EXERCISE DATA:
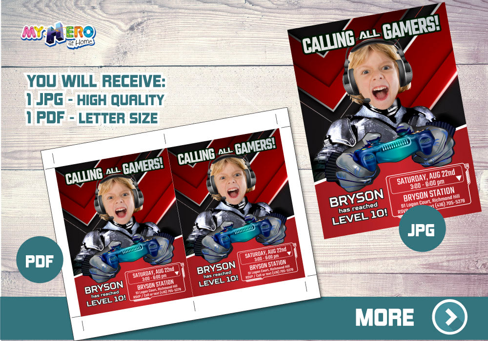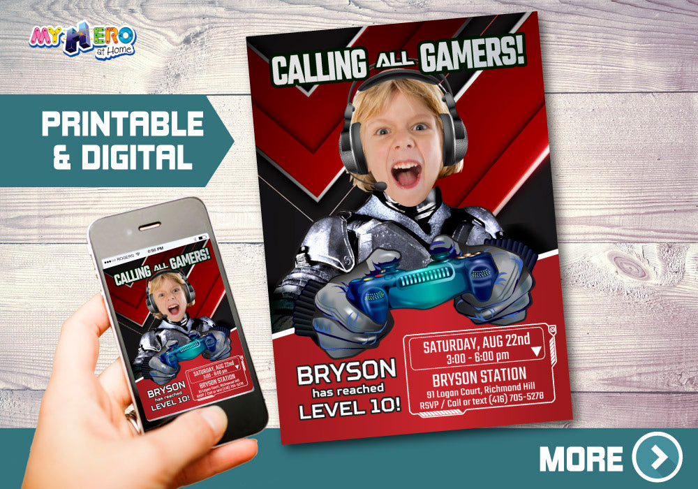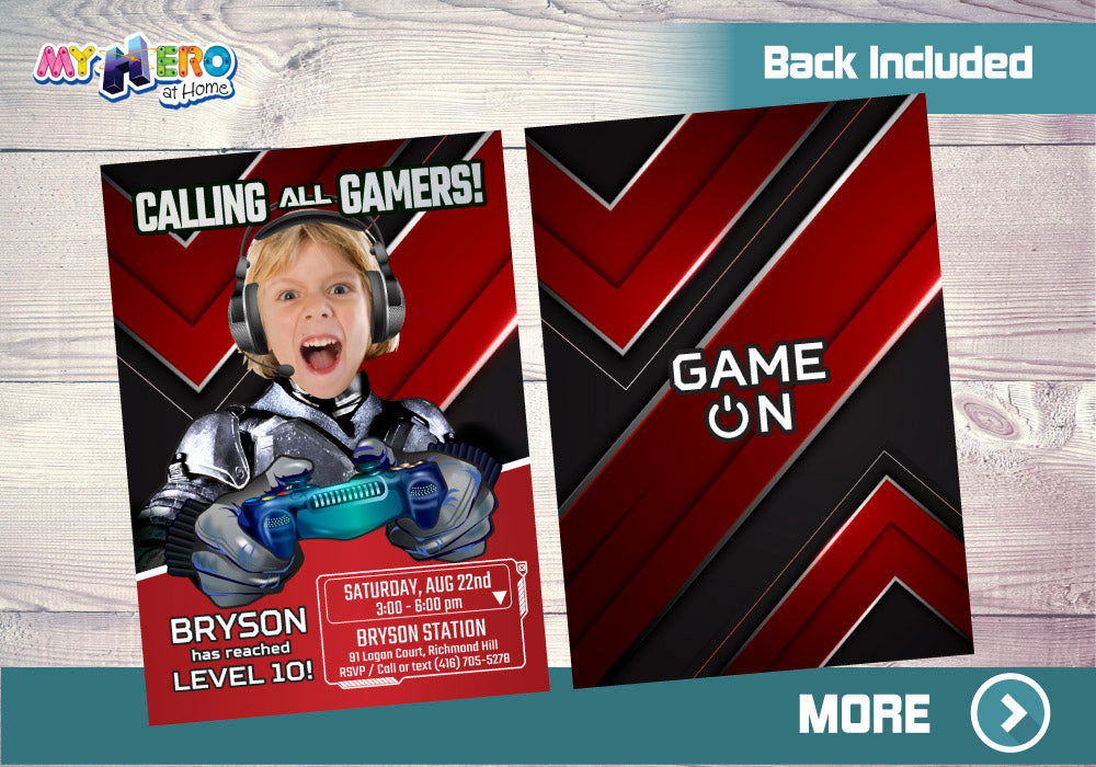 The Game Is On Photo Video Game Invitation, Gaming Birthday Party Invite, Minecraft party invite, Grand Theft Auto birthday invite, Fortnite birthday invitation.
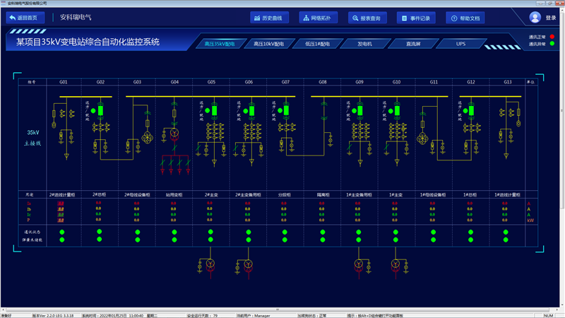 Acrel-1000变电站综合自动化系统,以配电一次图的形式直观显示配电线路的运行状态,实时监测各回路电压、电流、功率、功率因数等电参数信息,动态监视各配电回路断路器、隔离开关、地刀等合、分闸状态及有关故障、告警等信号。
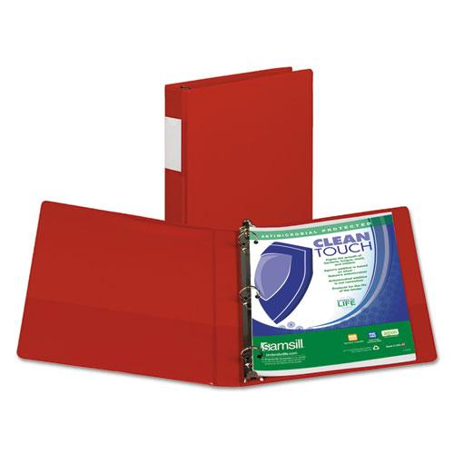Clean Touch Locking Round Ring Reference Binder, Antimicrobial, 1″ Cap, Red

TO DO:
In the copy, include no pictures; everything else in the material should be written out exactly.

SOLUTION FOR THIS PROBLEM:
 The Game Is On Photo Video Game Invitation, Gaming Birthday Party Invite, Minecraft party invite, Grand Theft Auto birthday invite, Fortnite birthday invitation.
 Acrel-1000变电站综合自动化系统,以配电一次图的形式直观显示配电线路的运行状态,实时监测各回路电压、电流、功率、功率因数等电参数信息,动态监视各配电回路断路器、隔离开关、地刀等合、分闸状态及有关故障、告警等信号。
Clean Touch Locking Round Ring Reference Binder, Antimicrobial, 1″ Cap, Red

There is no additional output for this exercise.